Девочка узнала голос соседа по имени Нарок.
— Там на Реке! Огни! — задыхаясь, крикнула Атия.
Слева раздался возмущённый голос жены Нарока:
— Ты опять ходила к Реке? Тебе запретили…
— Да погоди ты, Сваоха! — осадил жену сосед. Он с тревогой всматривался в лицо Атии: — Огни, говоришь?
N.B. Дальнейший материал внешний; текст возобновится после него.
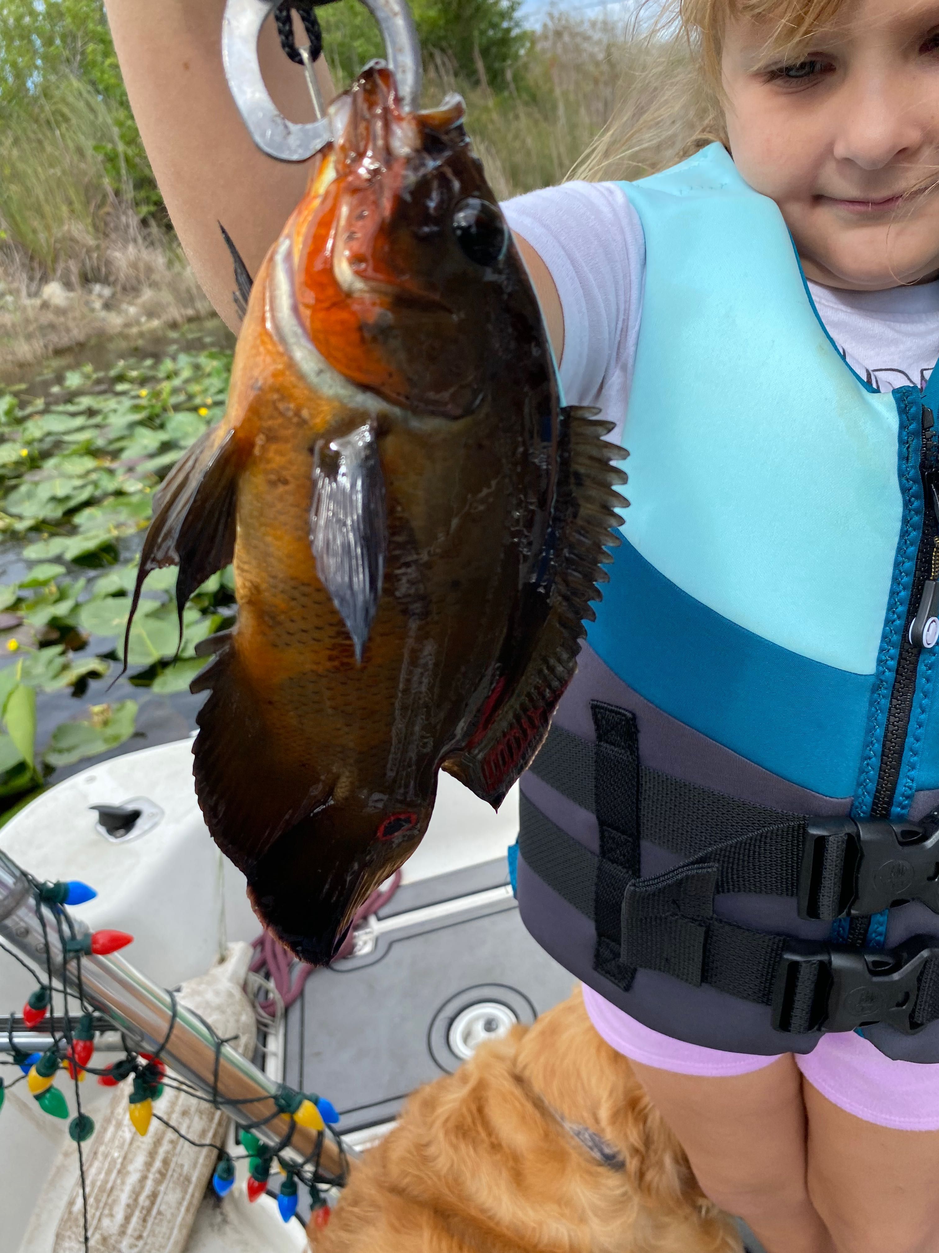 catching loads of invasive with a special gueat onboard fishing for abundance, invasive species, such as Jaguars, Mayans, Oscars and Peacock best have no size limit or a bag limit on these except for a Peacock bass loads of fun, nonstop, action

Девочка торопливо закивала:
— Много! Очень много! Как будто Река горит!
Соседи переглянулись.
— Думаешь, это связано с приездом лодочника? — спросила женщина, и голос её дрогнул.
— Не знаю, всякое может быть. Говорил я, добром для нас это не закончится. Беги к вождю, а я выйду, посмотрю, что там за огни. Если всё так, как говорит Атия, соберу людей. И не спускай глаз с девочки. Сама знаешь, что она для нас значит.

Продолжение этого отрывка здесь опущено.